2. Notez les informations suivantes pour le compte de service concerné :

   Accès aux composants

   Cluster	Secret	Espace de noms
   Administrateur	admin-cluster-creds	kube-system
   Administration	user-cluster-creds	CLUSTER_NAME-gke-onprem-mgmt
   Administration	private-registry-creds	kube-system
   Utilisateur	private-registry-creds	kube-system

   • Si vous n'utilisez pas de registre privé, le secret private-registry-creds contient la clé de votre compte de service d'accès au composant.
   • Si vous utilisez un registre privé, le secret private-registry-creds contient les identifiants de votre registre privé, et non la clé du compte de service d'accès au composant.

   Registre Connect

   Cluster	Secret	Espace de noms
   Administrateur	admin-cluster-creds	kube-system
   Administration	user-cluster-creds	CLUSTER_NAME-gke-onprem-mgmt

   Surveillance et journalisation

   Cluster	Secret	Espace de noms
   Administrateur	admin-cluster-creds	kube-system
   Administration	user-cluster-creds	CLUSTER_NAME-gke-onprem-mgmt
   Utilisateur	google-cloud-credentials	kube-system
   Utilisateur	stackdriver-service-account-key	knative-serving

   Journaux d'audit

   Cluster	Secret	Espace de noms
   Administrateur	admin-cluster-creds	kube-system
   Administration	user-cluster-creds	CLUSTER_NAME-gke-onprem-mgmt
   Administration	kube-apiserver	CLUSTER_NAME

   Mesure de l'utilisation

   Cluster	Secret	Espace de noms
   Administration	user-cluster-creds	CLUSTER_NAME-gke-onprem-mgmt
   Utilisateur	usage-metering-bigquery-service-account-key	kube-system

   Stackdriver

   Cluster	Secret	Espace de noms
   Administrateur	admin-cluster-creds	kube-system
   Administration	user-cluster-creds	CLUSTER_NAME-gke-onprem-mgmt
   Utilisateur	google-cloud-credentials	kube-system
   Utilisateur	stackdriver-service-account-key	knative-serving

3. Créez une sauvegarde de chaque secret à l'aide de la commande suivante :

   kubectl get secret SECRET --namespace NAMESPACE \
       --kubeconfig KUBECONFIG -o json > backup/SECRET-NAMESPACE.json

   Remplacez les éléments suivants :

   • NAMESPACE : espace de noms dans lequel se trouve le secret. Par exemple, kube-system.
   • KUBECONFIG : chemin d'accès au fichier kubeconfig pour le cluster d'administrateur ou d'utilisateur.
   • SECRET : nom du secret. Par exemple, admin-cluster-creds.
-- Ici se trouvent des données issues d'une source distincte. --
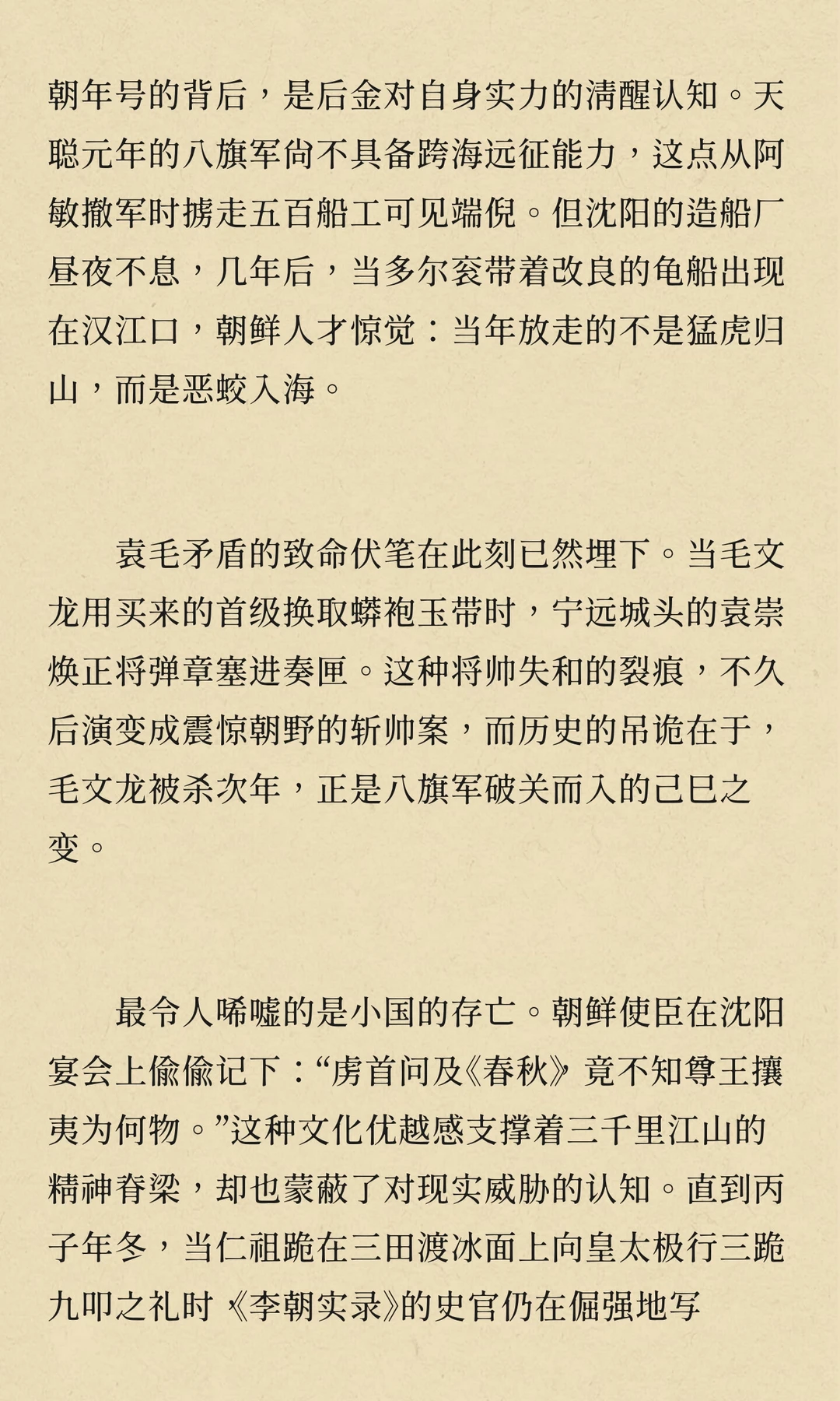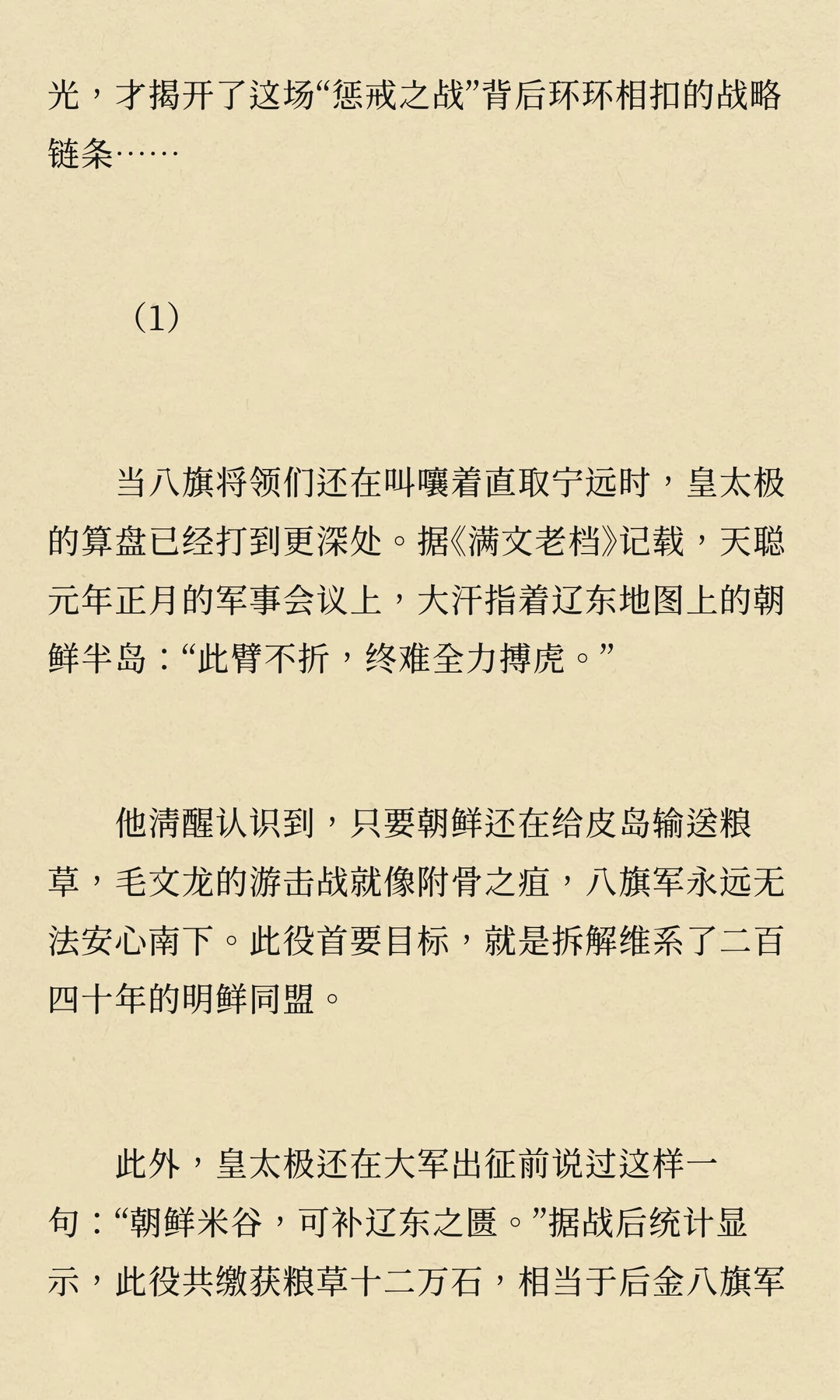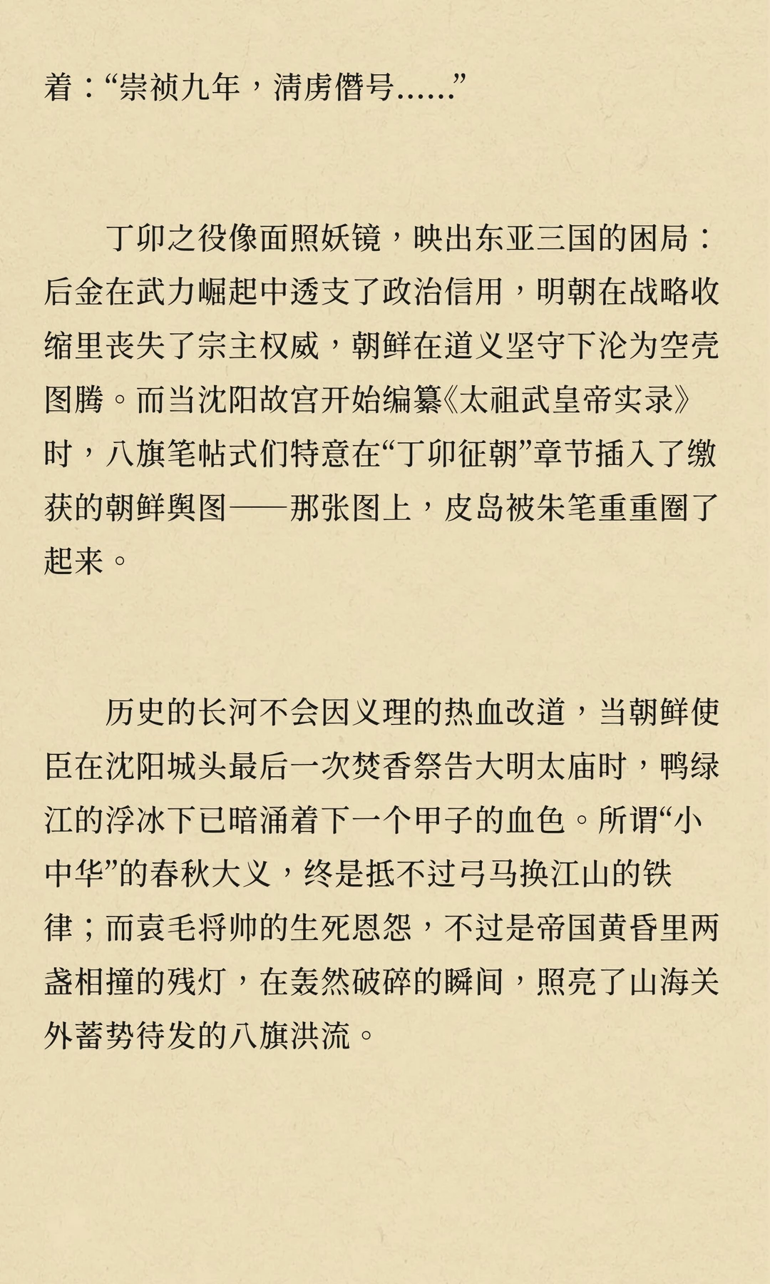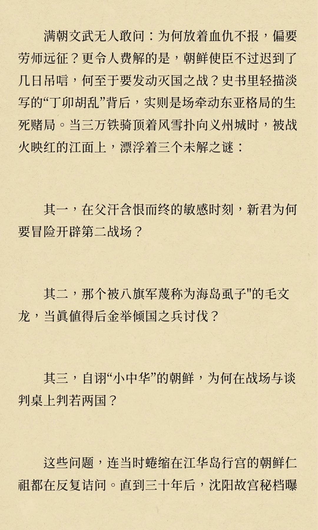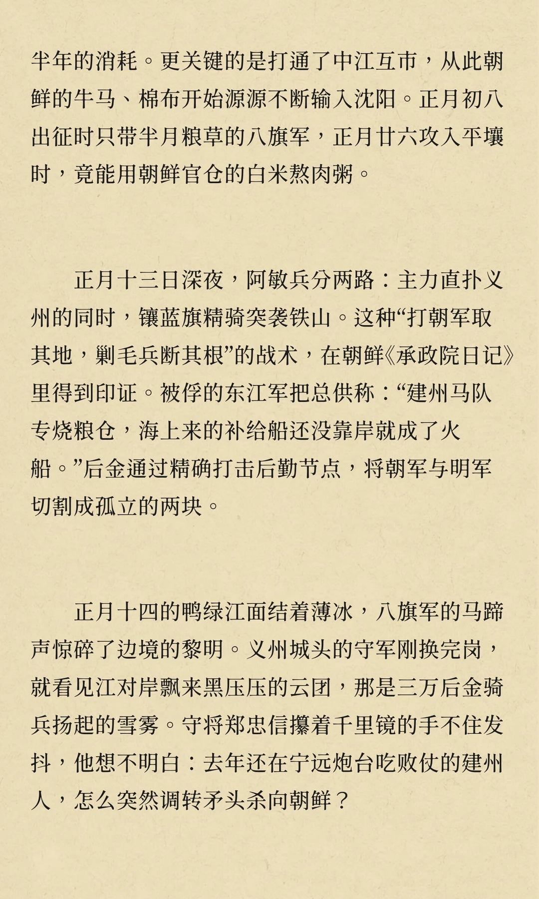皇太极在父汗含恨之际,冒险开辟第二战场,攻占朝鲜,拆解明鲜同盟,打通中江互市,切断毛文龙游击战,展现其战略远见。这场“丁卯胡乱”不仅改变了东亚格局,也埋下了后金崛起的伏笔。

   Par exemple, exécutez les commandes suivantes pour le compte de service de journalisation d'audit :

   kubectl get secret admin-cluster-creds --namespace kube-system \
           --kubeconfig KUBECONFIG -o json > backup/admin-cluster-creds-kube-system.json
   
   kubectl get secret user-cluster-creds --namespace NAMESPACE \
           --kubeconfig KUBECONFIG -o json > backup/user-cluster-creds-NAMESPACE.json
   
   kubectl get secret kube-apiserver --namespace NAMESPACE \
           --kubeconfig KUBECONFIG -o json > backup/kube-apiserver-NAMESPACE.json

4. Pour créer un fichier de clé de compte de service, exécutez la commande suivante :

   gcloud iam service-accounts keys create NEW_KEY_FILE --iam-account IAM_ACCOUNT

   Remplacez les éléments suivants :

   • NEW_KEY_FILE : nom du nouveau fichier de clé de compte de service.
   • IAM_ACCOUNT : adresse e-mail du compte de service.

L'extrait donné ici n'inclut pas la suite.